- **Problem**: Print the data exactly. Omit the pictures.

- **Data segment**:
[Start of section]
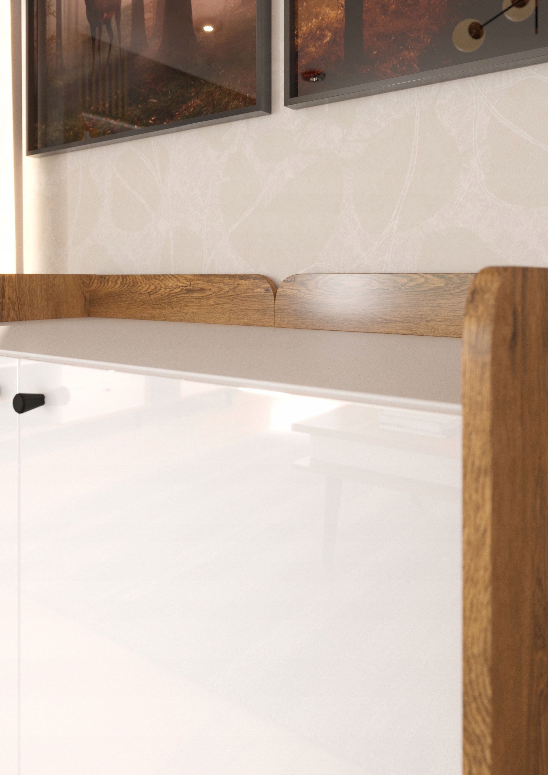 Коллекция DOLCE – идеальное решение для гостиной или спальни. Мебель придаст современный вид всей обстановке, а ее простая и оригинальная форма впишется во многие интерьеры. Серия DOLCE имеет минималистичные ручки, соответствующие цвету ножек. Цвет дуба в сочетании с белыми глянцевыми фасадами создает единое целое, которое, несомненно, привлекает внимание. Мебель очень просторная и функциональная. Коллекция оснащена бесшумной системой закрывания, тарелки защищены кромкой ABS.
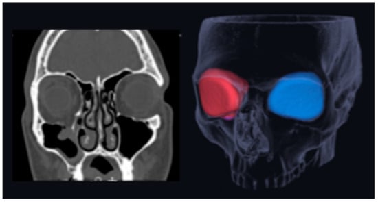 Orbital volume can be measured using either automated segmentation tools or by manually tracing and marking the orbital walls in each computed tomography (CT) slice. The marking of walls slice by slice has been a gold standard, but it is relatively time-consuming, and it is also possible that inter- and intra-observatory errors affect the reliability. In this study, orbital volume was measured through automated segmentation with the Bonelogic CMF Orbital programme (Disior, Ltd., Helsinki, Finland). This technique gauges orbital volume by converting the radiographic image to voxels, and thereafter, creates a three-dimensional interpretation of the bone structure with a method based on thresholds. Ultimately, the evaluator indicates the programme about the fractured orbit. The HU range for soft tissues is needed and can be manually adjusted if necessary. Otherwise, the segmentation happens without user interaction [27].
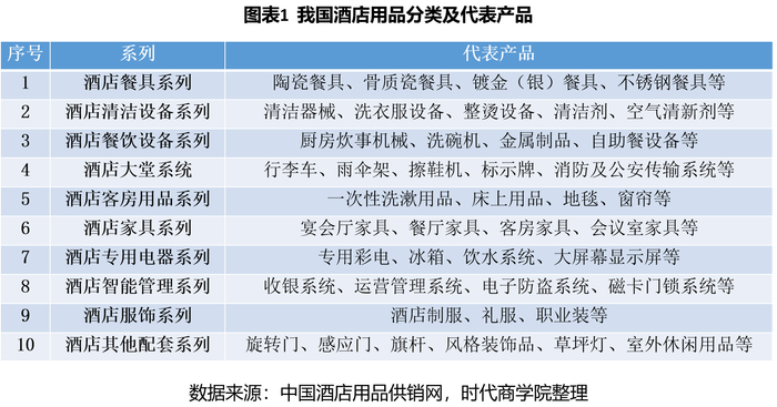 酒店用品是为酒店提供专供服务的相关产品,即为满足酒店、餐厅及会所营运需求的一系列产品。作为酒店经营必不可少的软硬件,酒店用品市场的变化发展与酒店运营需求紧密相关。
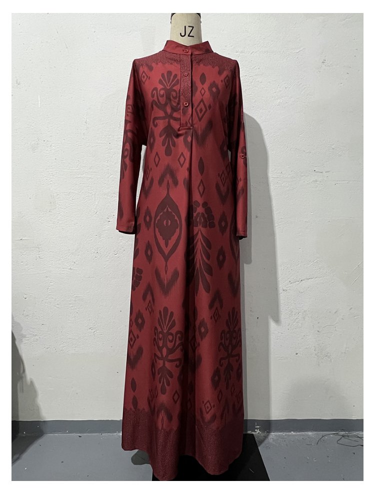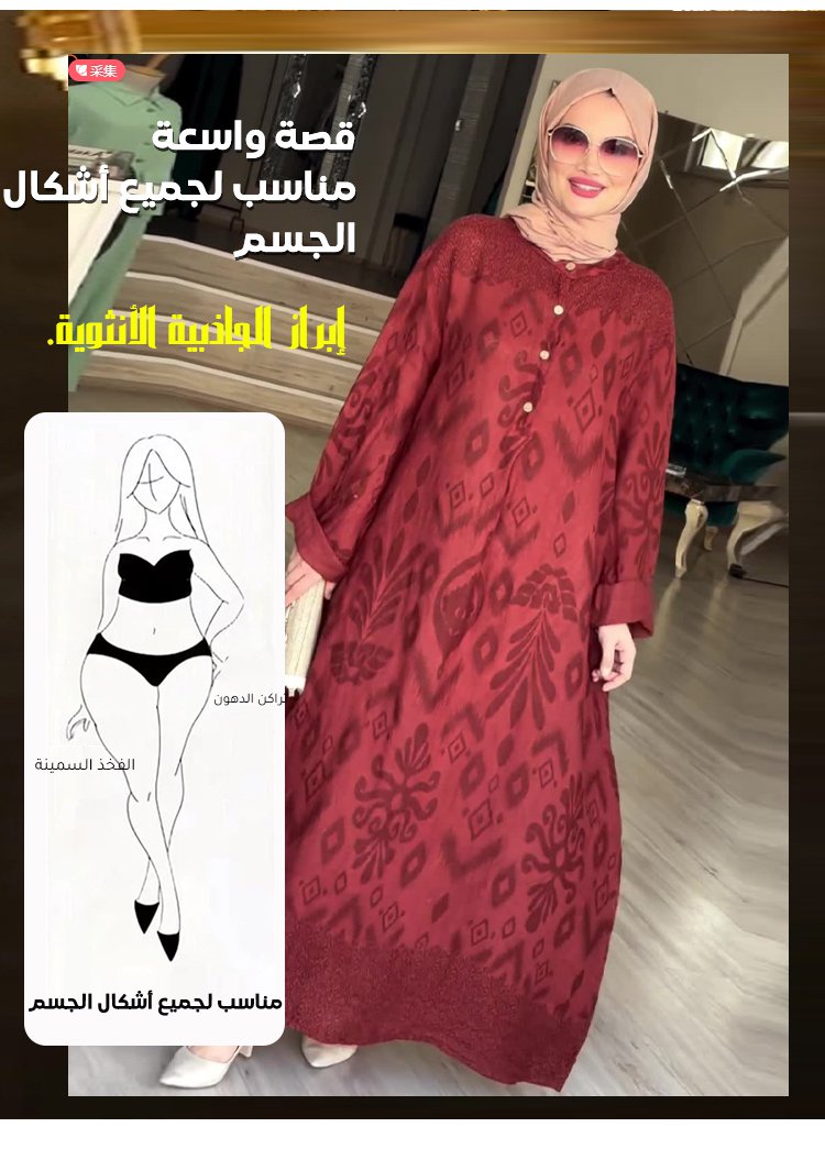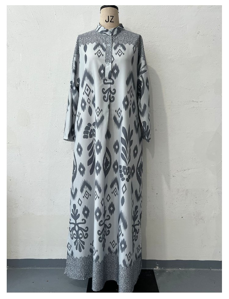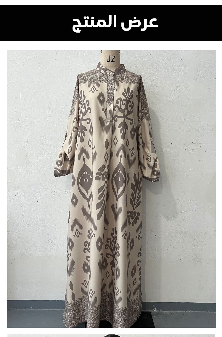 فستان نسائي عصري بأكمام طويلة من الحرير المطبوع بنمط جديد
[End of section]
- **Task solution**:
 Коллекция DOLCE – идеальное решение для гостиной или спальни. Мебель придаст современный вид всей обстановке, а ее простая и оригинальная форма впишется во многие интерьеры. Серия DOLCE имеет минималистичные ручки, соответствующие цвету ножек. Цвет дуба в сочетании с белыми глянцевыми фасадами создает единое целое, которое, несомненно, привлекает внимание. Мебель очень просторная и функциональная. Коллекция оснащена бесшумной системой закрывания, тарелки защищены кромкой ABS.
 Orbital volume can be measured using either automated segmentation tools or by manually tracing and marking the orbital walls in each computed tomography (CT) slice. The marking of walls slice by slice has been a gold standard, but it is relatively time-consuming, and it is also possible that inter- and intra-observatory errors affect the reliability. In this study, orbital volume was measured through automated segmentation with the Bonelogic CMF Orbital programme (Disior, Ltd., Helsinki, Finland). This technique gauges orbital volume by converting the radiographic image to voxels, and thereafter, creates a three-dimensional interpretation of the bone structure with a method based on thresholds. Ultimately, the evaluator indicates the programme about the fractured orbit. The HU range for soft tissues is needed and can be manually adjusted if necessary. Otherwise, the segmentation happens without user interaction [27].
 酒店用品是为酒店提供专供服务的相关产品,即为满足酒店、餐厅及会所营运需求的一系列产品。作为酒店经营必不可少的软硬件,酒店用品市场的变化发展与酒店运营需求紧密相关。
 فستان نسائي عصري بأكمام طويلة من الحرير المطبوع بنمط جديد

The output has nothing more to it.